Election fever in Malaysia's Sarawak State
2016.05.02
Kuching
Updated at 11:30 a.m. ET on 2016-05-03
Located on the northwest coast of Borneo island, the heavily forested Malaysian state of Sarawak faces elections this week that were called amid a huge financial scandal implicating Prime Minister Najib Razak.
Resource-rich Sarawak is a bastion of Najib’s ruling National Front coalition which is expected to coast to victory in the polls in which the state’s 1.3 million registered voters are expected to cast their ballots on May 7.
Although a top producer of oil and timber, Sarawak hosts some of Malaysia's poorest people, especially tribal communities in the rural areas separated from the rest of the state by rugged terrain and rivers.
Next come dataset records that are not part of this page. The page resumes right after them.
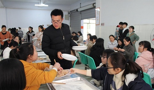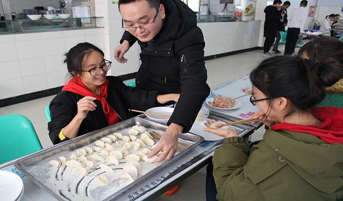 下午14:00,活动准时开始。同学们首先在新月楼食堂固定位置准备就绪,跃跃欲试。随后,同学们围坐在一起,以寝室为单位,都开始亲手实践,每组同学别出心裁地包着饺子并设计成各种形状,饱含着各种意义。在包饺子的同时,大家围绕学习、生活、工作等话题不时交谈着,老师与同学们亲切的互动,用爱包起了一个个饺子,师生情感也随之加深。随后同学们包的饺子被送进了厨房,开始煮水饺、蒸水饺,在这期间,同学们也没有闲着,一个个别开生面的节目让等待不再煎熬。终于,在大家的不懈努力下,一碗碗热气腾腾的饺子在大家的期待中被端上了餐桌,吃着自己包的香喷喷的饺子,同学们不仅感受到了青春的快乐,还感受到了集体的温暖,脸上都洋溢着幸福快乐的微笑。
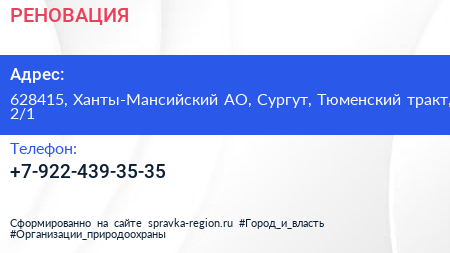РЕНОВАЦИЯ по адресу 628415, Ханты-Мансийский АО, Сургут, Тюменский тракт, 2/1 в дальнейшем Организация, размещена в следующих категориях:
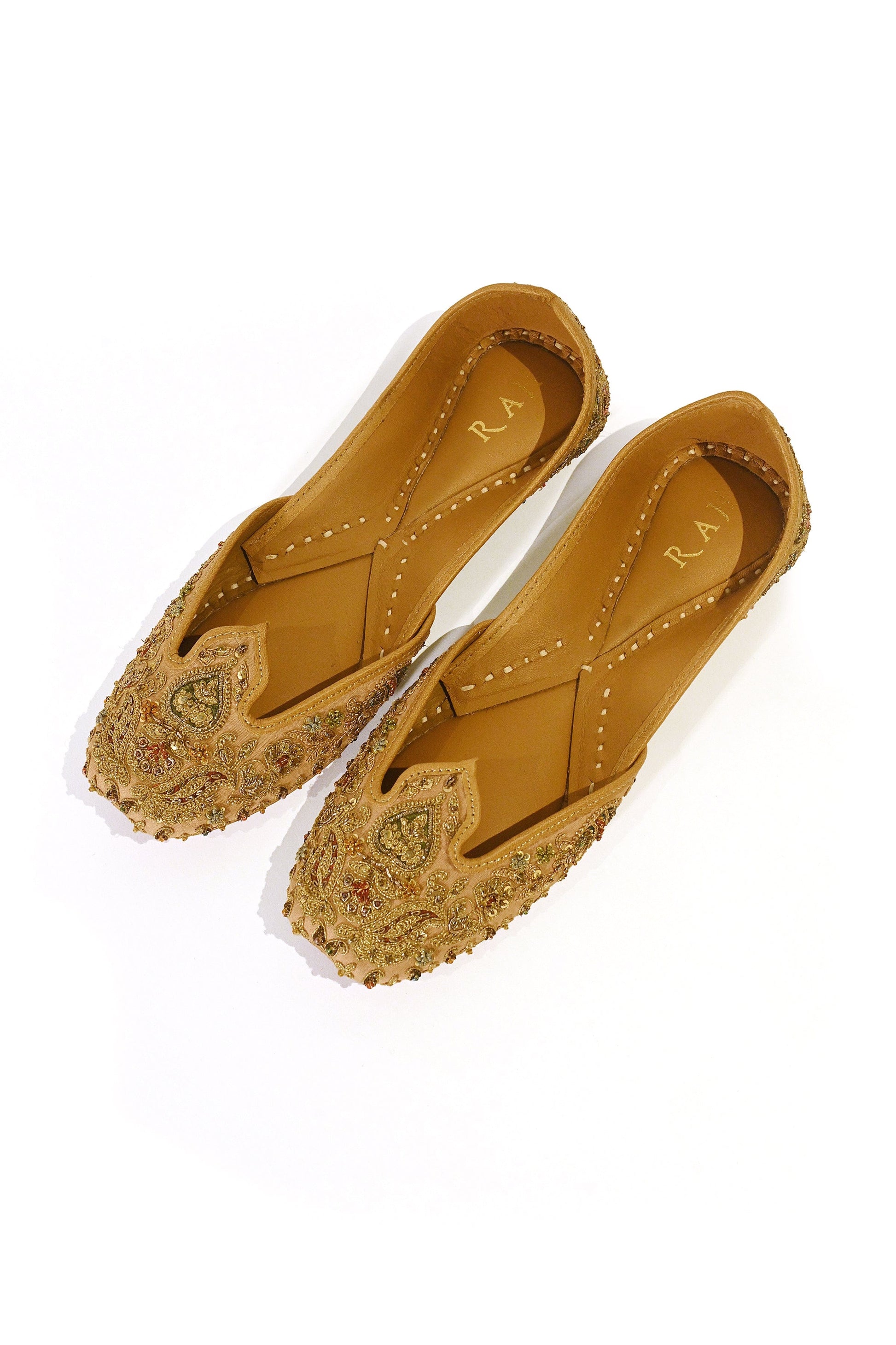 The jutti is constructed in a traditional silhouette defined by a petaled shape mehrab neckline derived from architectural arches, subtly contoured to support surface ornamentation. Its surface is worked in hand-executed antique gold zardozi, composed in dense floral and ornamental naqsh arranged with measured balance across the form. Set on a Champagne Blush ground with warm golden undertones, the embroidery maintains cohesion as it extends across the vamp and into the back. The closed-back heel is finished with multi-tonal textile patchwork, referencing atelier practices where surface contrast is resolved through handwork. Finished with traditional hand assembly and balanced structure for ceremonial wear. -
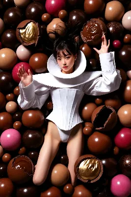 この画像は、桜の花びらが舞う幻想的な背景に、三人の女性が鯛焼きを手に持つ姿を描いたもの。彼女たちの可愛らしい表情と伝統的な衣装の組み合わせが、春の儚さと遊び心を象徴しているようだ。構図の対称性が美しく
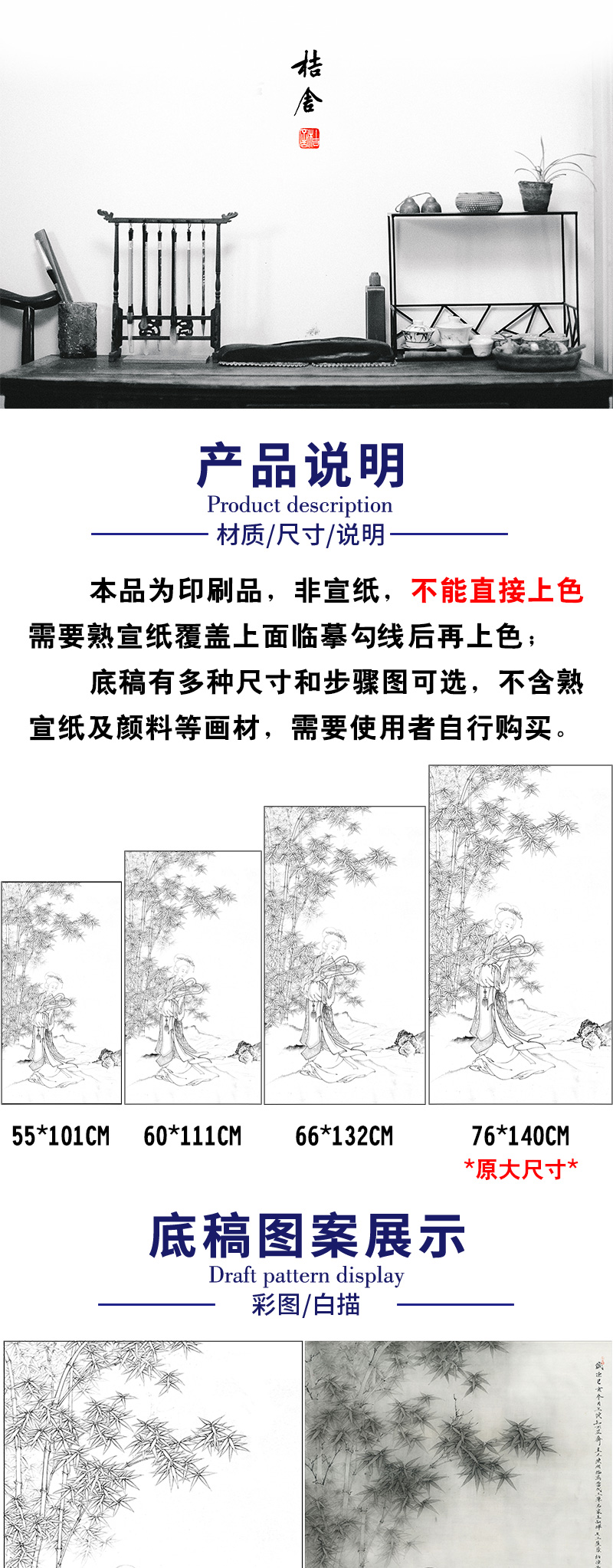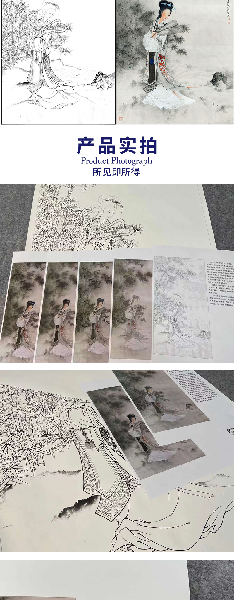 【有步骤、大彩图】李晓明竖幅工笔传统仕女人物画白描底稿《临王叔晖仕女图》KG22
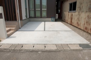 駐車場部分もただコンクリートにするだけでなく、ピンコロでラインをつけ
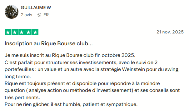 Tout investissement comporte une part de risque, c’est une réalité. En revanche, ce qui fait perdre de l’argent à la majorité des particuliers, ce sont les décisions prises sans méthode, sous l’émotion ou dans la confusion. Le RIQUE BOURSE CLUB vous apporte un cadre structuré, des règles claires, des scénarios définis et un accompagnement continu, afin de réduire drastiquement les erreurs coûteuses et les décisions impulsives.
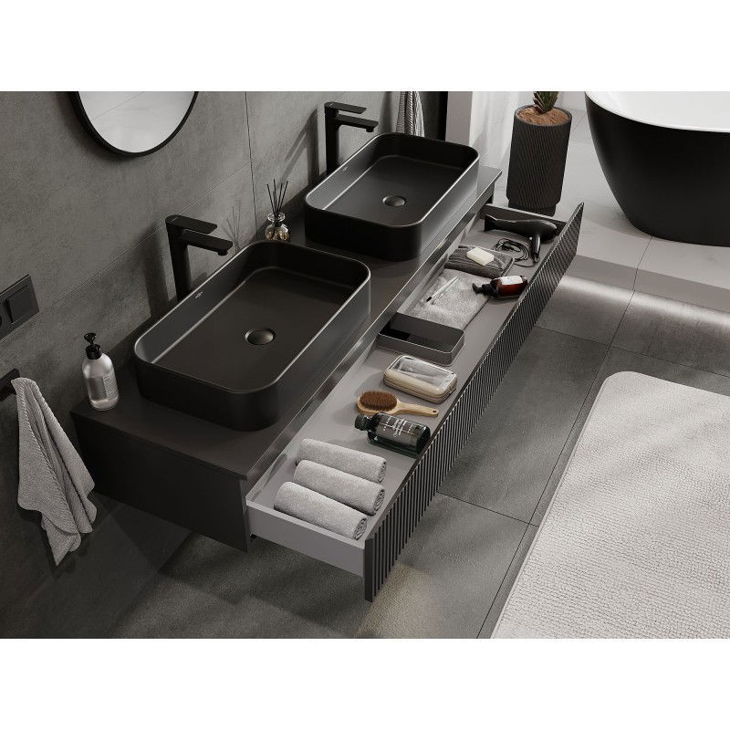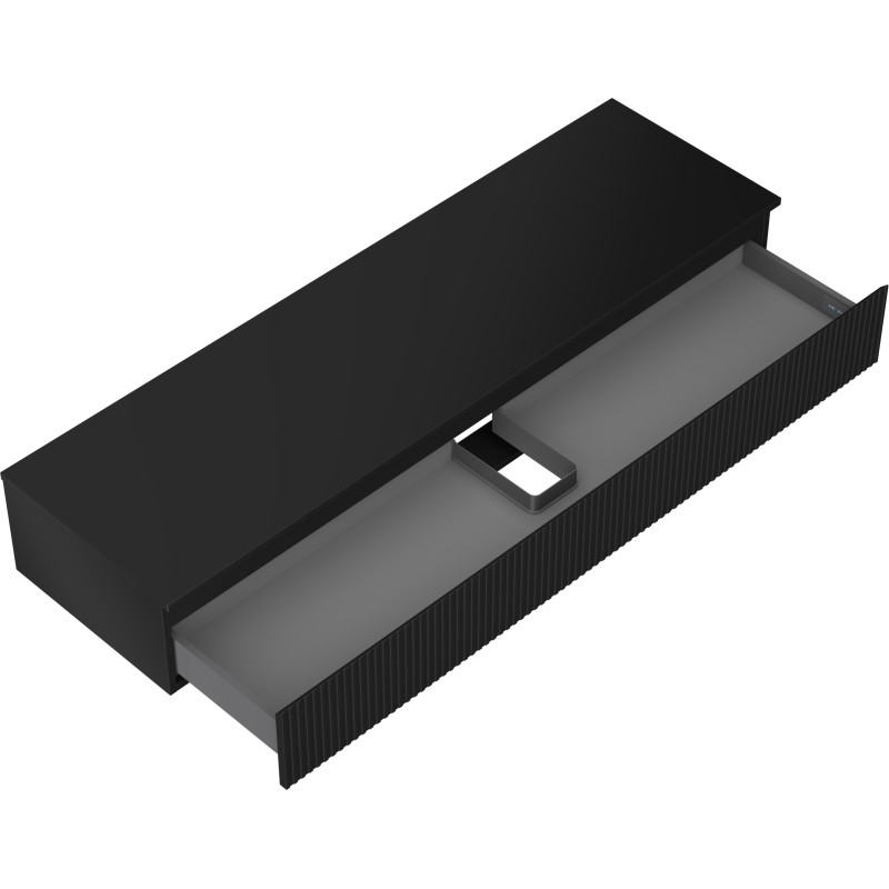 Špecifikácia produktu: Rozmery skrinky: Šírka: 160 cm Výška: 23,5 cm Hĺbka: 46 cm Farba korpusu: Matná čierna Materiál korpusu: Lakovaná doska Farba čela: Matná čierna Materiál čela: Lakovaná MDF doska Štruktúra čela: Drážkovaná Počet zásuviek: 1 výsuv pre ľahký prístup k obsahu zásuvky Povrch odolný voči UV žiareniu Rozmery pracovnej dosky: Šírka: 160,6 cm Hĺbka: 46,5 cm Hrúbka: 1,8 cm Farba pracovnej dosky: Matná čierna Materiál pracovnej dosky: Lakovaná MDF doska Povrch odolný voči UV žiareniu Ideálny ako podstavec
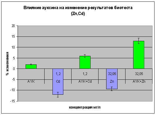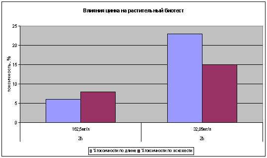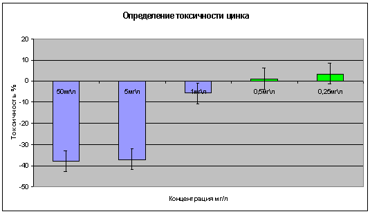 концентрации цинка 32,05 мг/л токсичность равна 10-25%, что выявлено как по
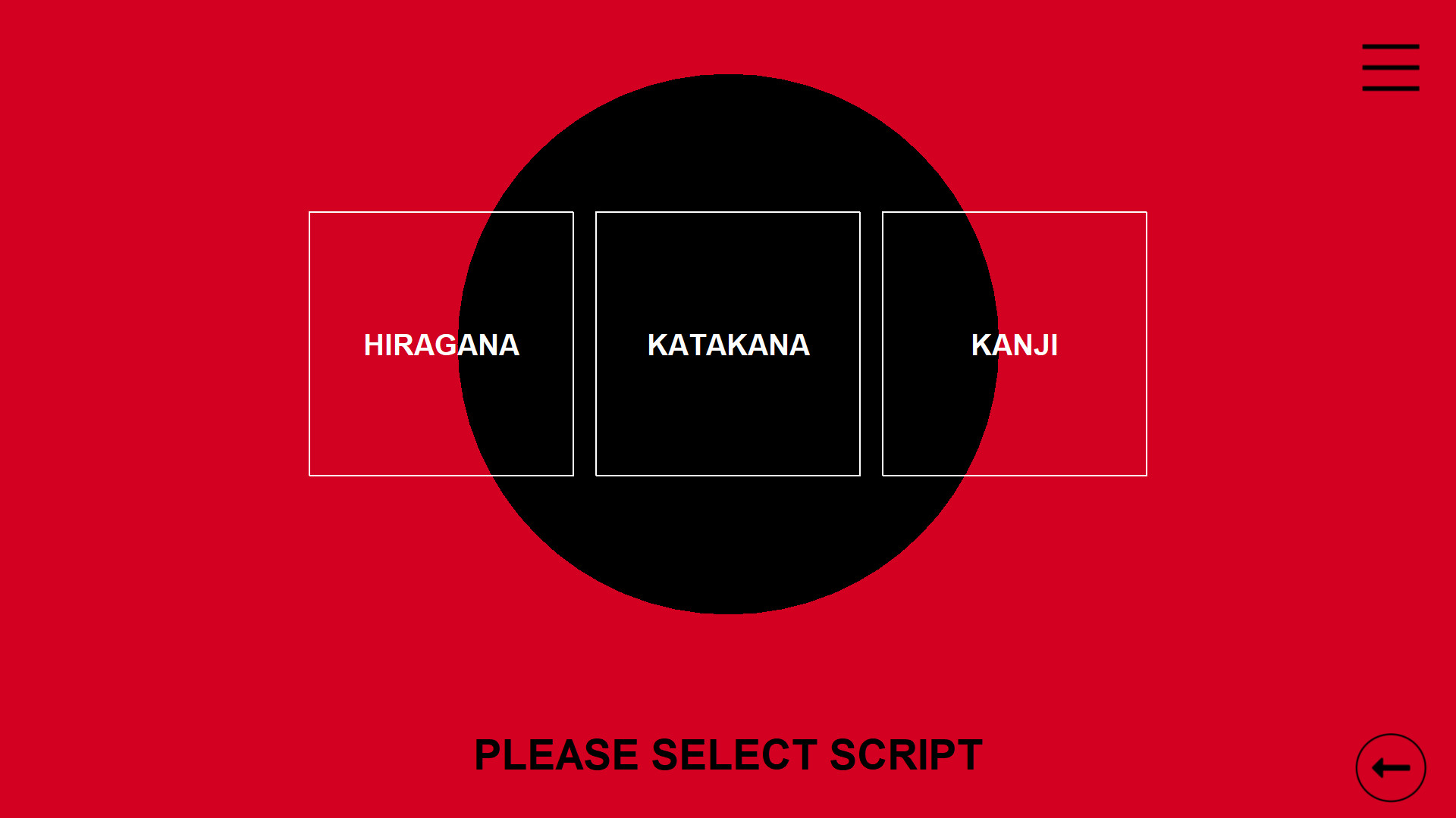 - Selection of five to ten characters per game, taken from one of the hiragana, katakana, or kanji tables.

Despite the 1MDB financial scandal centering around the state-owned investment fund 1Malaysia Development Berhad linking Najib, ruling coalition parties are widely expected to win most of the seats.
The Barisan Nasional coalition has controlled state politics for 53 years. It has promised grand infrastructure projects in Sarawak’s interior, such as a 1,089-km (676-mile) Pan Borneo Highway, slated to be finished by 2023 and which would serve as a transportation backbone connecting Sarawak to neighboring Sabah state.
Eighty seats in the assembly are up for grabs, with the National Front running unopposed in two additional seats.